And yet, that’s ok. It has taken me several hours to analyze the presentation – and my emotional reaction – fully, but I now am at peace. Here’s why. Ms. DiSanzo correctly took the audience through the explosion of data that has started and will continue to grow in healthcare. She also noted the existing shortage of clinicians, which we all know will continue absent policy, reimbursement and taxation changes by the new administration incentivizing the training of significantly more clinicians. As an aside, I was talking a couple of weeks ago to one of the nation’s leading geriatricians, and he was bemoaning the fact that they can’t annually fill all of their training slots. Students don’t want to become geriatricians even in the face of the Baby Boom demographic promising almost endless work throughout most of their upcoming career. It’s too hard and doesn’t pay enough, and that bottom line hasn’t changed for years, leaving this nation under-resourced and unprepared for dealing with the next twenty years of the Baby Boom. But back to IBM Watson. Ms. DiSanzo also correctly noted the impact of technology and consumerism through the proliferation of smartphones, apps and data focused initiatives.
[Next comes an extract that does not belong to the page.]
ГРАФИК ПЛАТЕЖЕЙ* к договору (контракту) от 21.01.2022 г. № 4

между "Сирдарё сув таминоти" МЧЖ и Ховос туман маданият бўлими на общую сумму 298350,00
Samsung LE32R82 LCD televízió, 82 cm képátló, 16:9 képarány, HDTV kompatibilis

Taken together, IBM Watson believes this presents a total addressable market (TAM) of approximately $360 billion. To allude to our incoming President, that’s huge. And IBM Watson has started the hard work of laying the groundwork and creating partnerships in multiple verticals. Their current initiatives can be segmented into: 1) value based care; 2) oncology and genomics; 3) life sciences; 4) imaging; and 5) government programs. And IBM Watson has worked hard with acquisitions and other initiatives to amass data resources, with a database now that includes over 200 million claims, 30 billion images, 40 million research papers and abstracts, genomics data and data about the social determinants of health, among others. Ms. DiSanzo said that IBM Watson already has analyzed data from 44% of all Medicare beneficiaries.
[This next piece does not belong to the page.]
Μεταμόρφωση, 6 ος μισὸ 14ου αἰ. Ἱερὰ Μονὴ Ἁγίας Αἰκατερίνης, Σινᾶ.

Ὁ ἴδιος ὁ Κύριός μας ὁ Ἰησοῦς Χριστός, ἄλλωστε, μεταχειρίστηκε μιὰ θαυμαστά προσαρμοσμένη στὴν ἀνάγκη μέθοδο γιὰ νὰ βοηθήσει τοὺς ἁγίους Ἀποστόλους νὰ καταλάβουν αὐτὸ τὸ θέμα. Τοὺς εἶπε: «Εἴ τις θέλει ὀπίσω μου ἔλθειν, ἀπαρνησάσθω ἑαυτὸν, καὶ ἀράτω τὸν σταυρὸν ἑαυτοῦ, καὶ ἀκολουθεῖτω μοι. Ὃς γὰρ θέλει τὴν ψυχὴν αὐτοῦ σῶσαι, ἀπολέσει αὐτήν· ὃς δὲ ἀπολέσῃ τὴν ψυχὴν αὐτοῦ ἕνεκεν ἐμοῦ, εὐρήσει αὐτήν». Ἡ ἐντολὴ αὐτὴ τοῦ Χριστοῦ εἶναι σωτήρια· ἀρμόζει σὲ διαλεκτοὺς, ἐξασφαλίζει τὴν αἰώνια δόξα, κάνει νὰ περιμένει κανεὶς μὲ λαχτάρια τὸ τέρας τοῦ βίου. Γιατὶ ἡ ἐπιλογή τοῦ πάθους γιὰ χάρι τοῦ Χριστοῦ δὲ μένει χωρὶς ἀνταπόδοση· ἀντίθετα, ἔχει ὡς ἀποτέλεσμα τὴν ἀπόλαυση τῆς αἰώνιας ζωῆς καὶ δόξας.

Here’s one example that was interesting. Watson was working with Barrow Neurological Institute of Arizona on drug discovery for ALS (Lou Gehrig’s disease). Over the course of some months, Watson analyzed all (that’s right, all) available data on ALS in an attempt to help the approximately 6,000 people per year diagnosed with ALS. IBM Watson then ranked 1500 genes it studied in the descending order of probable association with ALS. Barrow looked at the top 10 identified by IBM Watson, of which 8 affected ALS and 5 never before had been identified as being related to ALS. Clearly, drug discovery can be facilitated by machine learning of the type undertaken by IBM, as can the matching of specific cancers to appropriate drugs or clinical trials. IBM Watson also is working to improve and provide analytics to healthcare providers, with emphasis areas on breast cancer and cardiovascular disease.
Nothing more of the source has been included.